Work instructions
All of the data, except its images, should be set down exactly as it appears.

Collected data
==============================
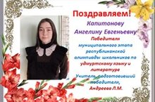 11 сыйныф укучысы Капитонова Ангелина Удмурт теле һәм әдәбияты буенча республика олимпиадасында җиңүче булды (укытучысы Андреева Л.М.). Котлыйбыз! Киләчәктә дә уңышлар телибез!
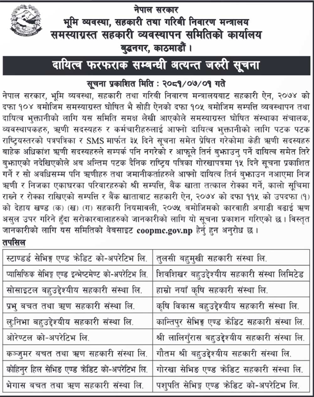 समितिले सार्वजनिक सूचना प्रकाशित गरी समस्याग्रस्त घोषित सहकारी संस्थाका सञ्चालक, व्यवस्थापक, ऋणी सदस्य र कर्मचारीलाई पटकपटक ३५ दिने सूचना, पत्राचार गर्दा पनि केही ऋणीबाहेक अधिकांश सम्पर्कमा नआएकाले सार्वजनिक सूचनामार्फत १५ दिनभित्र दायित्व भुक्तानी गर्न निर्देशन दिएको हो ।
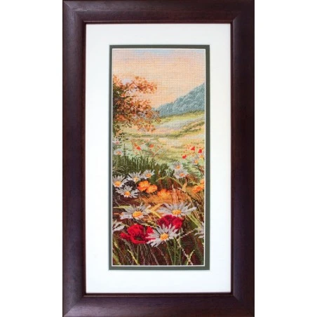 El diseño te permite bordar un paisaje donde podemos observar flores, plantas y montañas en el fondo. Para poder realizarlo fácilmente, el kit incluye las explicaciones en 9 idiomas distintos: español, inglés, francés, alemán, holandés, italiano, portugués, turco y húngaro.
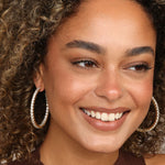We LOVE our simulated diamonds. At any size the Heiress Hoops are easy and classy to put on and layer for a chic look. But at 1”, they’re the perfect blend of playful and elegant. Seriously, you’ll never want to take these off.
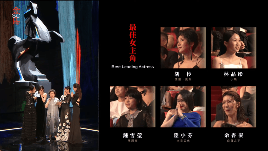 香港代表《白日之下》余香凝、《填词L》钟雪莹昨晚失落金马奖“最佳女主角”,奖项破天荒由年仅12岁的林品彤获得,成为金马奖60年来最年轻影后! 林品彤昨晚与《小晓》中的妈妈陈意涵与班主任刘俊谦齐齐现身庆功宴,抱着金马奖座,脸上满满笑容。 林品彤受访时说:“有说不完的谢谢,谢谢金马奖,然后谢谢评审对我的肯定。” 她在《小晓》中饰演患有过度活跃症的“小晓”一角备受肯定,她直说:“要疯狂爆炸,然后尖叫的那几场戏,因为跟我自己的个性真的差很多,然后小晓那种突然哭,突然丢东西然后突然尖叫那种,我觉得满困难的。”
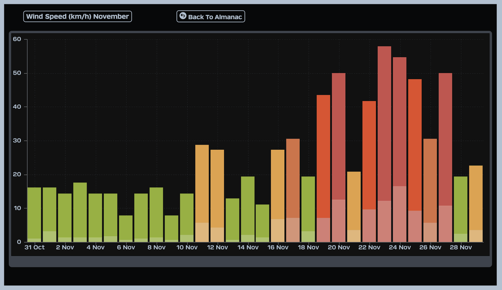• 24 november markeerde de dag met de hoogste windsnelheid van de maand: 54,7 km/h.
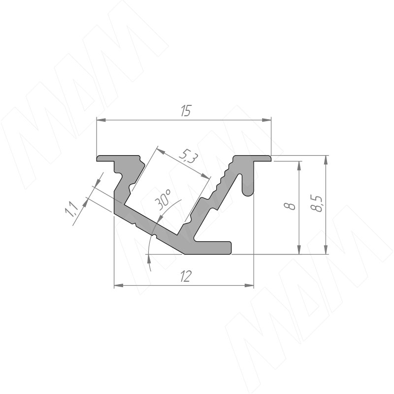 Профиль FМ10 врезной угловой узкий, для ленты с основ. 5мм. серебро, 15х8,5мм L-3000 LSP-FM10-ALU-3000-AL (без рассеивателя)
==============================
Expected answer
 11 сыйныф укучысы Капитонова Ангелина Удмурт теле һәм әдәбияты буенча республика олимпиадасында җиңүче булды (укытучысы Андреева Л.М.). Котлыйбыз! Киләчәктә дә уңышлар телибез!
 समितिले सार्वजनिक सूचना प्रकाशित गरी समस्याग्रस्त घोषित सहकारी संस्थाका सञ्चालक, व्यवस्थापक, ऋणी सदस्य र कर्मचारीलाई पटकपटक ३५ दिने सूचना, पत्राचार गर्दा पनि केही ऋणीबाहेक अधिकांश सम्पर्कमा नआएकाले सार्वजनिक सूचनामार्फत १५ दिनभित्र दायित्व भुक्तानी गर्न निर्देशन दिएको हो ।
 El diseño te permite bordar un paisaje donde podemos observar flores, plantas y montañas en el fondo. Para poder realizarlo fácilmente, el kit incluye las explicaciones en 9 idiomas distintos: español, inglés, francés, alemán, holandés, italiano, portugués, turco y húngaro.
We LOVE our simulated diamonds. At any size the Heiress Hoops are easy and classy to put on and layer for a chic look. But at 1”, they’re the perfect blend of playful and elegant. Seriously, you’ll never want to take these off.
 香港代表《白日之下》余香凝、《填词L》钟雪莹昨晚失落金马奖“最佳女主角”,奖项破天荒由年仅12岁的林品彤获得,成为金马奖60年来最年轻影后! 林品彤昨晚与《小晓》中的妈妈陈意涵与班主任刘俊谦齐齐现身庆功宴,抱着金马奖座,脸上满满笑容。 林品彤受访时说:“有说不完的谢谢,谢谢金马奖,然后谢谢评审对我的肯定。” 她在《小晓》中饰演患有过度活跃症的“小晓”一角备受肯定,她直说:“要疯狂爆炸,然后尖叫的那几场戏,因为跟我自己的个性真的差很多,然后小晓那种突然哭,突然丢东西然后突然尖叫那种,我觉得满困难的。”
• 24 november markeerde de dag met de hoogste windsnelheid van de maand: 54,7 km/h.
 Профиль FМ10 врезной угловой узкий, для ленты с основ. 5мм. серебро, 15х8,5мм L-3000 LSP-FM10-ALU-3000-AL (без рассеивателя)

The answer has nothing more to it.